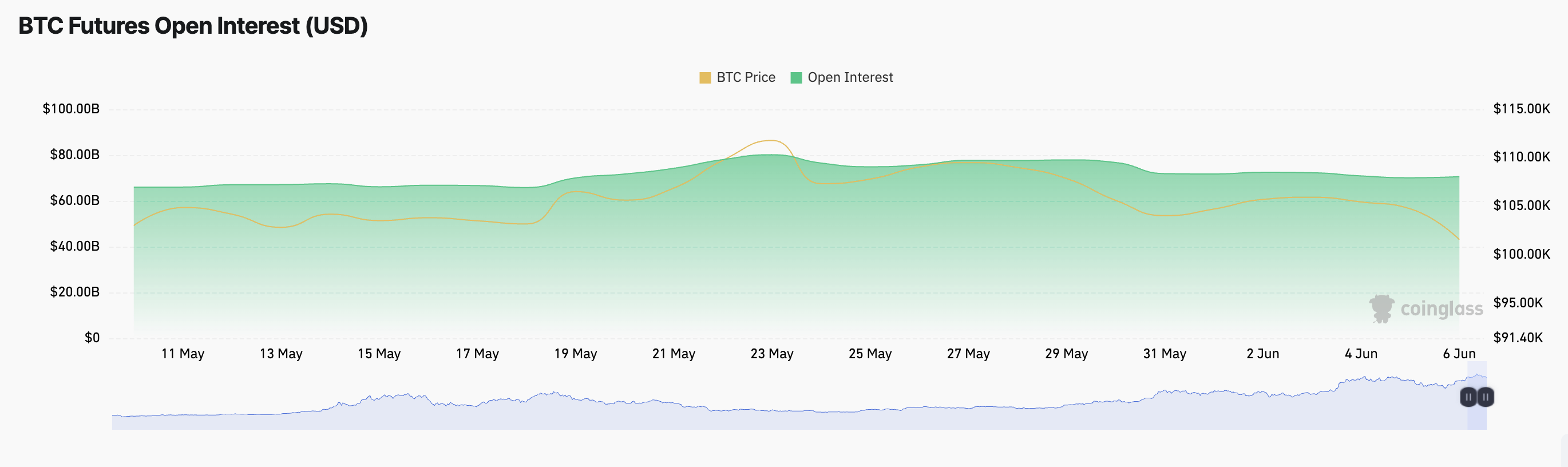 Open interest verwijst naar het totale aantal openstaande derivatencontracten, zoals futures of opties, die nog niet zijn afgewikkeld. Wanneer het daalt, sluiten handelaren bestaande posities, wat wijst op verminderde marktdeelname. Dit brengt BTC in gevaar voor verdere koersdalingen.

┄┄┄┄┄┄┄┄┄┄┄┄┄┄┄┄┄┄┄┄

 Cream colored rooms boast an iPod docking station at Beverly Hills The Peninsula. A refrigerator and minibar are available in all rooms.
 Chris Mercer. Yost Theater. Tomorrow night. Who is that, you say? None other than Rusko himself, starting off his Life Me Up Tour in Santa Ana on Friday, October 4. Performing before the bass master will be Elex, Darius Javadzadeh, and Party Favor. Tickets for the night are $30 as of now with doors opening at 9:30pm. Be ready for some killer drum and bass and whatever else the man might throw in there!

┄┄┄┄┄┄┄┄┄┄┄┄┄┄┄┄┄┄┄┄

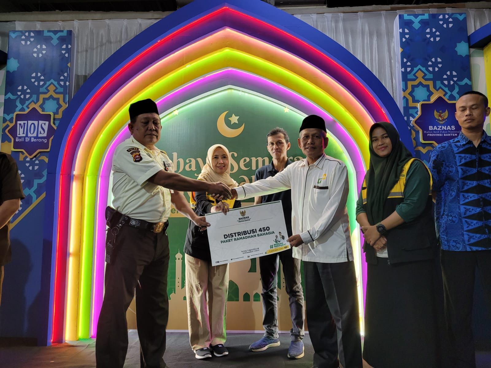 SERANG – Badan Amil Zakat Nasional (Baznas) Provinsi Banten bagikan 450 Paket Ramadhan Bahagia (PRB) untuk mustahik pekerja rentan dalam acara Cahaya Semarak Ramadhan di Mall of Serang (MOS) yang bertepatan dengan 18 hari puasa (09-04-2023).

┄┄┄┄┄┄┄┄┄┄┄┄┄┄┄┄┄┄┄┄

In the listing above, locate the line with "Cream colored rooms" and the line with "Chris Mercer. Yost", then extract exactly those lines and every line between them, and nothing more.

 Cream colored rooms boast an iPod docking station at Beverly Hills The Peninsula. A refrigerator and minibar are available in all rooms.
 Chris Mercer. Yost Theater. Tomorrow night. Who is that, you say? None other than Rusko himself, starting off his Life Me Up Tour in Santa Ana on Friday, October 4. Performing before the bass master will be Elex, Darius Javadzadeh, and Party Favor. Tickets for the night are $30 as of now with doors opening at 9:30pm. Be ready for some killer drum and bass and whatever else the man might throw in there!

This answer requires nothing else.